## Data in this exercise
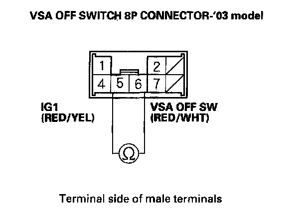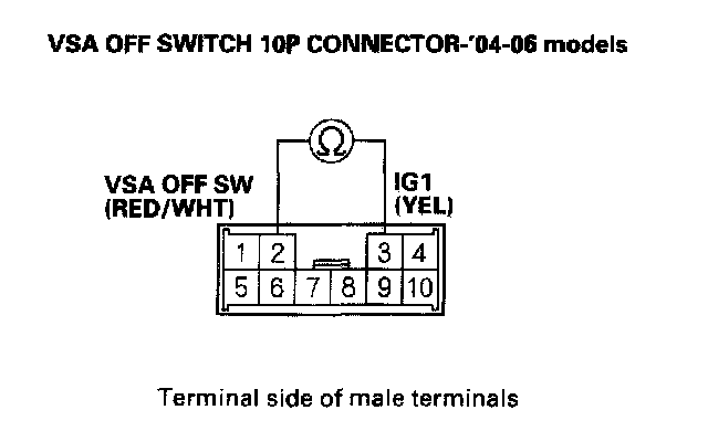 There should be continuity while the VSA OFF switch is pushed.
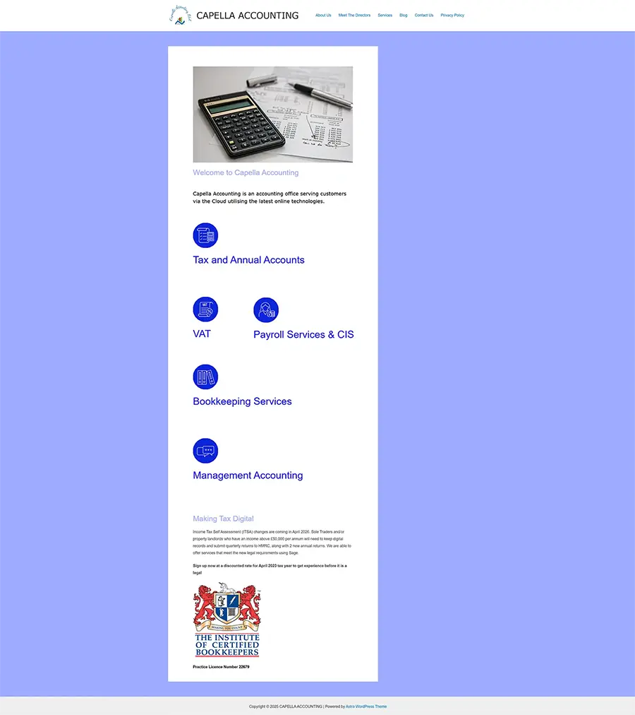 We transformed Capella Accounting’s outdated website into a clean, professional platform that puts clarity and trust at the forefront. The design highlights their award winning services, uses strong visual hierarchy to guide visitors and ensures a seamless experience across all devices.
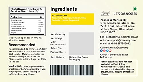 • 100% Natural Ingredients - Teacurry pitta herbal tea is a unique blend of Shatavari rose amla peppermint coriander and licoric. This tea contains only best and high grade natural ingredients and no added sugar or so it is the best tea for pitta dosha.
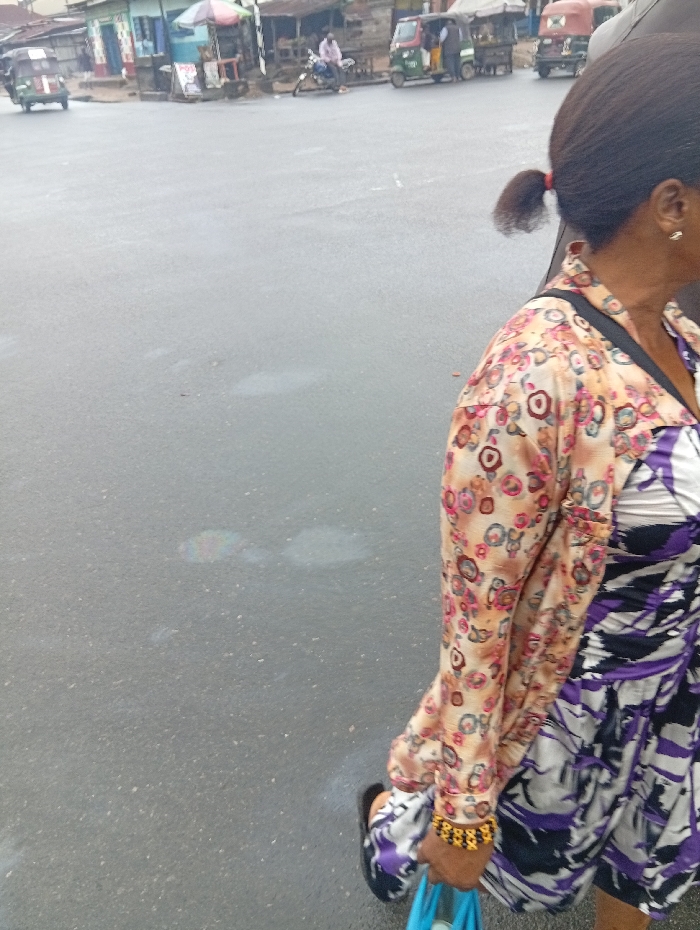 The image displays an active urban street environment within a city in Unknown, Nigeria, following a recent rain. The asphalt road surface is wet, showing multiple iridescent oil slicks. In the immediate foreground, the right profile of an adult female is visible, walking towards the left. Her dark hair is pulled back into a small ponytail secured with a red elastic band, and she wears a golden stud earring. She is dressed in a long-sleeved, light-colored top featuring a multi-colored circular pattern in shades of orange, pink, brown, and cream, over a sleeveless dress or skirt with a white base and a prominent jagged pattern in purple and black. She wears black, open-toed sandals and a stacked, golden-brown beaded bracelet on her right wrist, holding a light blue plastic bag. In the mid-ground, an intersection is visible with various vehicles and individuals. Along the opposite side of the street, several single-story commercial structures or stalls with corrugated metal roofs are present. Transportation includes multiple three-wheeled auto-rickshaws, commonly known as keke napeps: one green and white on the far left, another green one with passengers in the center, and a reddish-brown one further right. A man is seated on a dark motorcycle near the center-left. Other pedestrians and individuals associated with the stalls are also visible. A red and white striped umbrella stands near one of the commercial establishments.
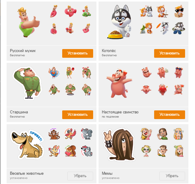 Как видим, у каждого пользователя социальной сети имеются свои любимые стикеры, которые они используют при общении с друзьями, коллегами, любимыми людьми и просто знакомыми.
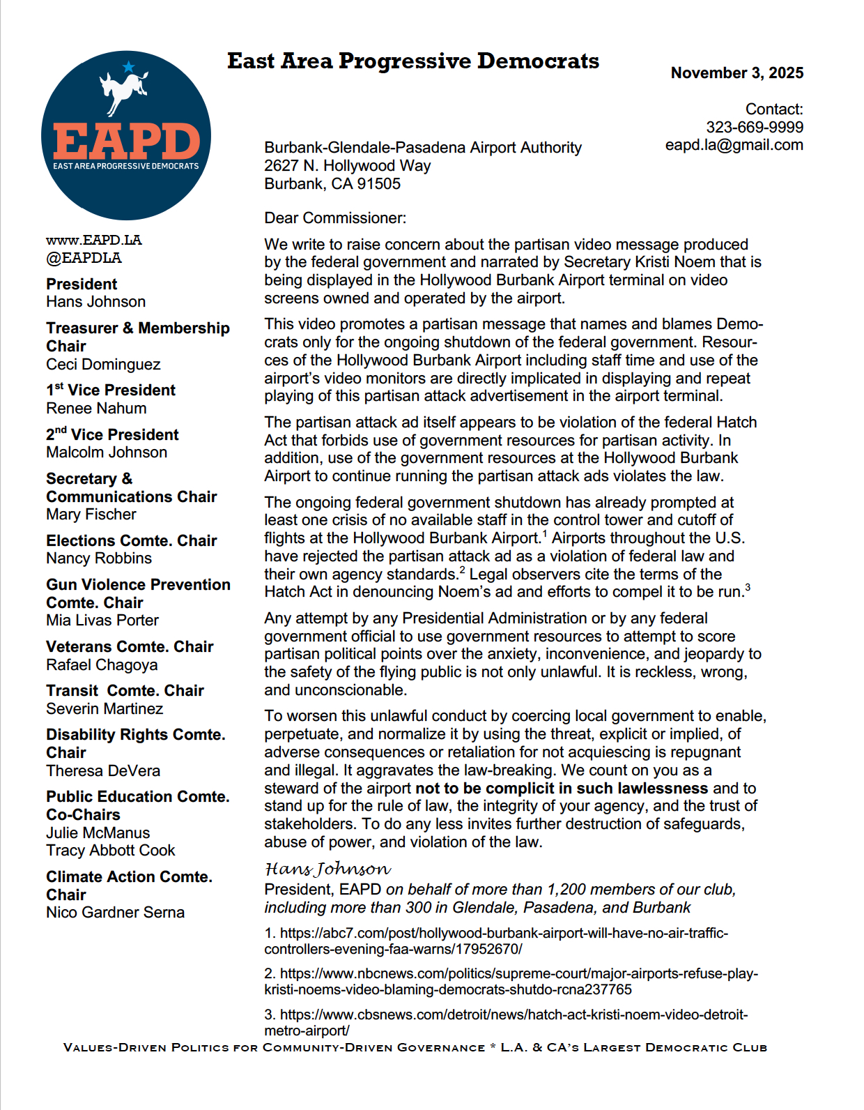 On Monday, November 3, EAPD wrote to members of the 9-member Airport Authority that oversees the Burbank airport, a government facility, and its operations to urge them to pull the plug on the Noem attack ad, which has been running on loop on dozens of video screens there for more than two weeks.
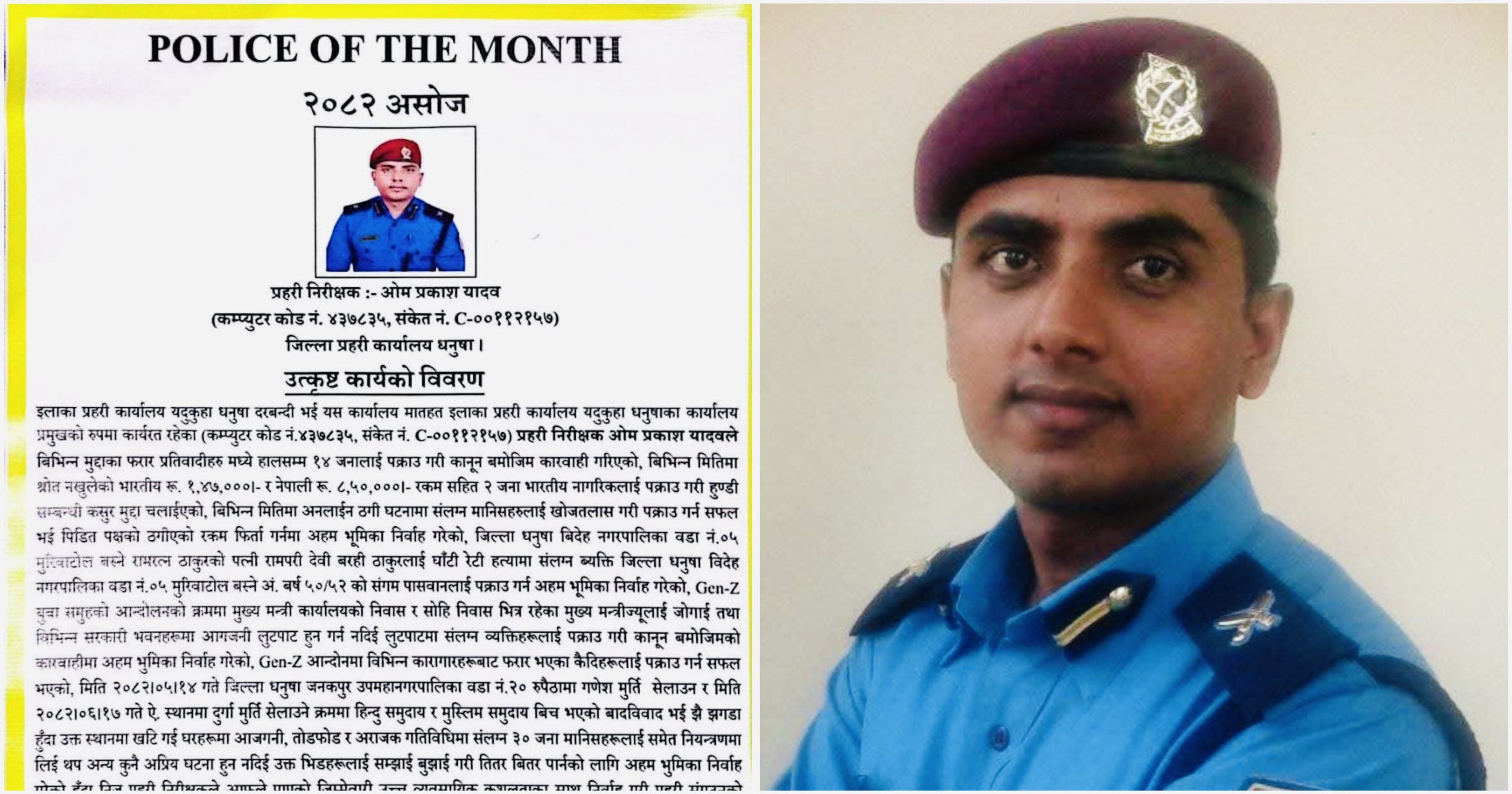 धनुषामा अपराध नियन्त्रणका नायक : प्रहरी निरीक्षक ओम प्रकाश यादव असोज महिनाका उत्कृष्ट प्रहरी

## Task brief
From the first line of the records through the line with "The image displays", reproduce each line exactly and leave the pictures out.

## Answer section
 There should be continuity while the VSA OFF switch is pushed.
 We transformed Capella Accounting’s outdated website into a clean, professional platform that puts clarity and trust at the forefront. The design highlights their award winning services, uses strong visual hierarchy to guide visitors and ensures a seamless experience across all devices.
 • 100% Natural Ingredients - Teacurry pitta herbal tea is a unique blend of Shatavari rose amla peppermint coriander and licoric. This tea contains only best and high grade natural ingredients and no added sugar or so it is the best tea for pitta dosha.
 The image displays an active urban street environment within a city in Unknown, Nigeria, following a recent rain. The asphalt road surface is wet, showing multiple iridescent oil slicks. In the immediate foreground, the right profile of an adult female is visible, walking towards the left. Her dark hair is pulled back into a small ponytail secured with a red elastic band, and she wears a golden stud earring. She is dressed in a long-sleeved, light-colored top featuring a multi-colored circular pattern in shades of orange, pink, brown, and cream, over a sleeveless dress or skirt with a white base and a prominent jagged pattern in purple and black. She wears black, open-toed sandals and a stacked, golden-brown beaded bracelet on her right wrist, holding a light blue plastic bag. In the mid-ground, an intersection is visible with various vehicles and individuals. Along the opposite side of the street, several single-story commercial structures or stalls with corrugated metal roofs are present. Transportation includes multiple three-wheeled auto-rickshaws, commonly known as keke napeps: one green and white on the far left, another green one with passengers in the center, and a reddish-brown one further right. A man is seated on a dark motorcycle near the center-left. Other pedestrians and individuals associated with the stalls are also visible. A red and white striped umbrella stands near one of the commercial establishments.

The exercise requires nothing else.